Я взглянул вперед. Нет, это была уже не чепуха. Немцы неловко выскакивали из окопов и, чуть пригнув головы в касках, шли прямо на нас. В руках — автоматы, фигурки немцев чуть покачивались, но шли уверенно…
Мне показалось, что я сейчас совсем один и все эти фигурки движутся не на наш окоп, а именно на меня. Сколько же их? Кажется, я насчитал двенадцать, но потом сбился, занятый уже другим. Я выбирал себе цели. Карабин мой лежал неудобно, и я поправил его, ловчее упер в плечо и стал наводить мушку на выбранную фигурку. Все делал так, как когда-то на учебных стрельбах.

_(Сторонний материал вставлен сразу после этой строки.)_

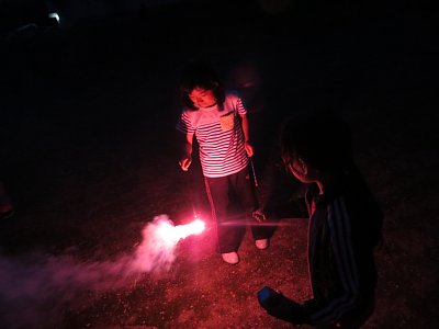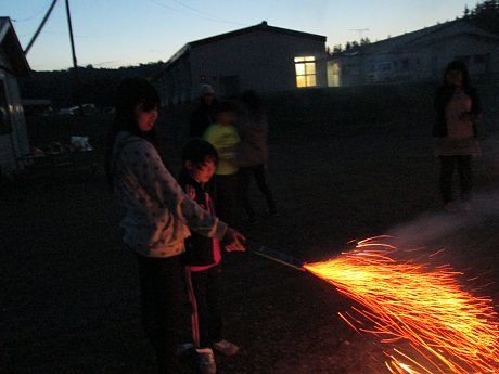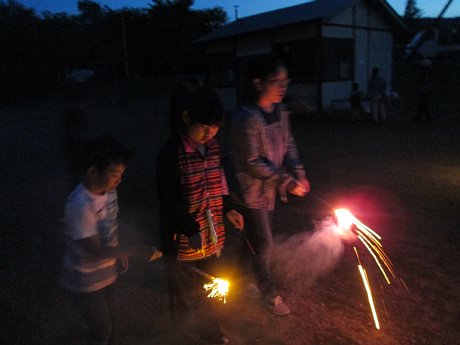 花火は、最初手持ちの花火ををやってから、打ち上げ、吹き出し花火大会。花火が打ちあがっては「おぉ~」、シューッと噴き出しては「きれい~」と声が上がっていました。

По окопу прозвучала команда:
— Не стрелять! Ближе! Пусть ближе подойдут!
Я ничего не видел, кроме выбранной цели. А она шла и шла теперь на мою мушку. Я даже не думал, почему немцы не стреляют. Они шли с автоматами наперевес, без единого выстрела.
А фигурка, моя фигурка, все приближалась. Каска, сдвинутая на самый лоб, шинель с оторванным куском полы, чуть приподнятый погон на одном плече, ремень автомата — я видел теперь все так ясно, что боялся: палец мой сейчас нажмет курок. Но я выжидал. «Подожди! Подожди! Еще!..»

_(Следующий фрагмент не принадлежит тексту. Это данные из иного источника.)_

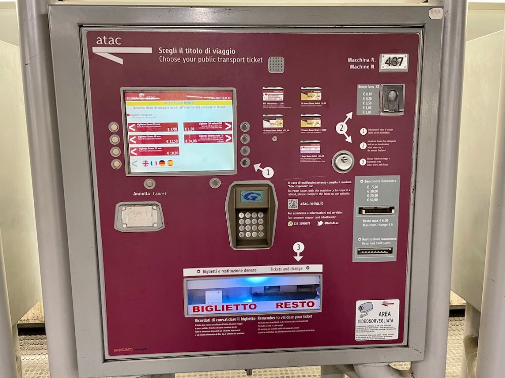 Die Tickets für Bus und Metro entweder am Automaten kaufen oder in einem der vielen Tabacchi-Läden. Auch hier am Automaten bei Bedarf einfach auf Deutsch durchs Menü führen lassen.

И тут я, кажется, все же не выдержал. Еще раз примерил на мушку фигурку немца — нет, теперь уже фигуру — и нажал курок.
Меня поразило все. И то, что немец, мой немец, вскинул автомат и, выставив вперед колени, почему-то упал на спину. И то, что одновременно по нашему окопу прозвучала команда «Огонь!», и вражеские автоматчики заметались по полю, падая, вставая и вновь падая. И то, что строчивший рядом со мной пехотинец крикнул мне: «Ловко ты его из карабинчика!» И то, что Саша, сначала вроде изумленный, а потом восторженный, хлопнул меня по шапке и, уже припав к своему карабину, без конца повторял: «Ведь это ты его! Вот не думал! А ты его уложил! Уложил!»

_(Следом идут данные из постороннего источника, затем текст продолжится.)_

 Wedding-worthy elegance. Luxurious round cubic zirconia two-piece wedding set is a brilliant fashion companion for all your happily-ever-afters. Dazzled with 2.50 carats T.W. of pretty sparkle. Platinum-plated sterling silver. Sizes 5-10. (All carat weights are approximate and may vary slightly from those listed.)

Немцы ползли и бежали назад, а я уже не стрелял, не мог, а искал своего. Неужели я его убил? А может, он просто упал? Может, он бежит сейчас назад? Или, может, он только ранен и ползет к своим? От одних этих мыслей мне стало жарко и одновременно холодно, и я уже запаниковал, вглядываясь в бегущих и ползущих назад автоматчиков. Где же он? Я уже тосковал, что не вижу его, этого фрица. Где? Не он. А может, этот? И этот не он. И не этот. И не…
Наконец я увидел его. Увидел среди тех, кто остался лежать на поле. Почему я раньше смотрел на других, которые бежали и ползли, которые спасали свою жизнь, а не на этих, у которых нет уже ничего — ни своих окопов позади, где можно укрыться, ни нас, люто их ненавидящих, ни дома, ни своей «великой Германии», ни своего фюрера, который подвел, ох как подвел их! Впрочем, им уже все равно…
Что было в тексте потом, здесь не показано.